Beginning with the line that contains "bản – 14-14,5 triệu/tháng", reproduce the remaining lines of the material exactly, up to and including the last one, but no pictures.

··· Given data

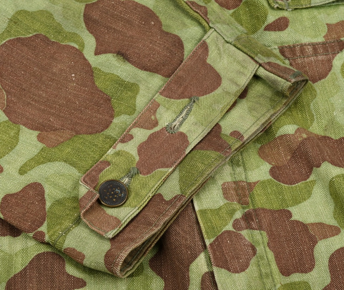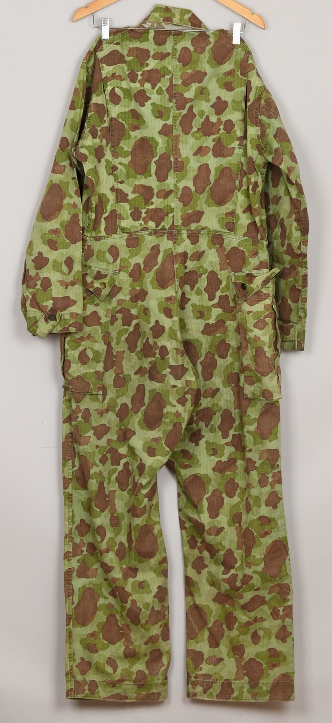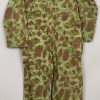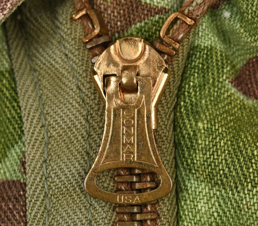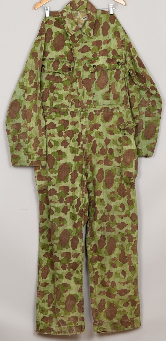 Nicked named “frogskin” camouflage pattern and the very first to be issued to US troops during World War II. These one-piece suits were procured by the Army but as is the case with many uniform and equipment pieces, they were also occasionally worn by US Marines. Predominantly, these were used in the Pacific Theatre, however, there are reportedly some word-of-mouth accounts from veterans that a small handful of GIs wore them in the European Theatre also. The 100% cotton HBT fabric is reversible (green for verdant terrain, tan/brown for beach landings, etc.), however, the suit is designed to be worn green side out. Inside is stamped with size “40r” in black ink.
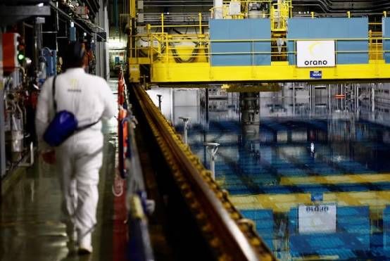 موظف يمشي بجوار الوقود النووي المستعمل في حوض تخزين بمحطة «أورانو» لإعادة معالجة النفايات النووية (رويترز)
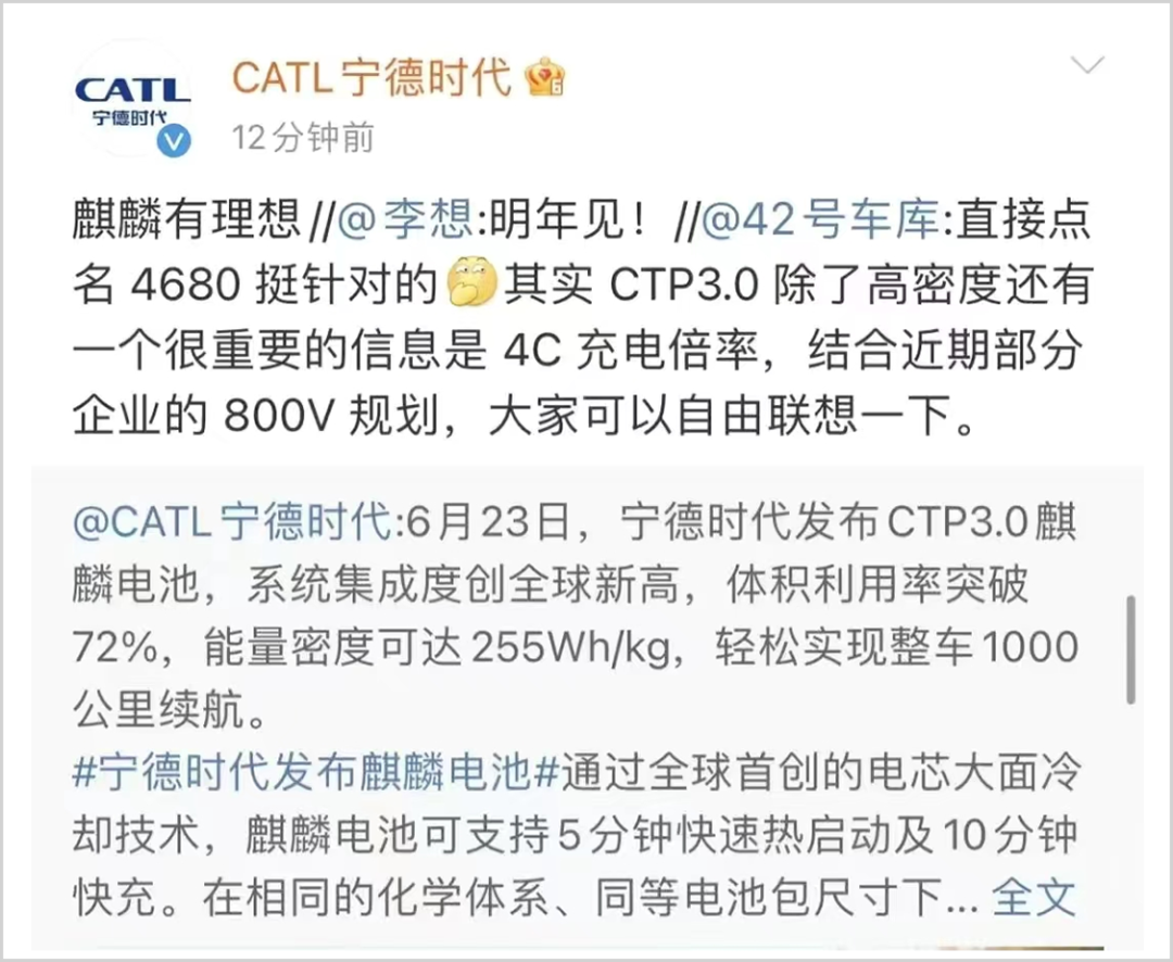 哪吒汽车官方微博则以“共赴山海”表达对麒麟电池的好感。
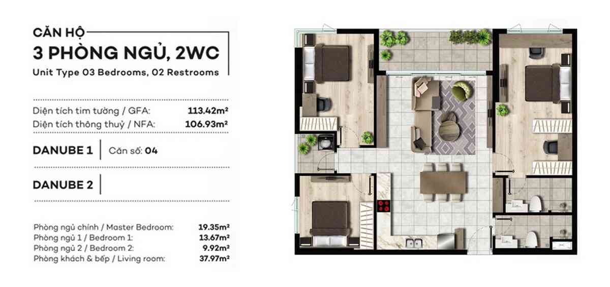 – Căn hộ loại 3 Phòng ngủ, 2 WC ( 113.42 m2 ): Không nội thất – 12,5 triệu/tháng; Nội thất cơ bản – 14-14,5 triệu/tháng
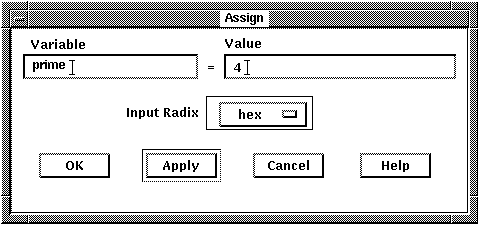 Figure 4-16 shows a new value and input radix for the variable prime.

······

■ Exercise result ■
 – Căn hộ loại 3 Phòng ngủ, 2 WC ( 113.42 m2 ): Không nội thất – 12,5 triệu/tháng; Nội thất cơ bản – 14-14,5 triệu/tháng
 Figure 4-16 shows a new value and input radix for the variable prime.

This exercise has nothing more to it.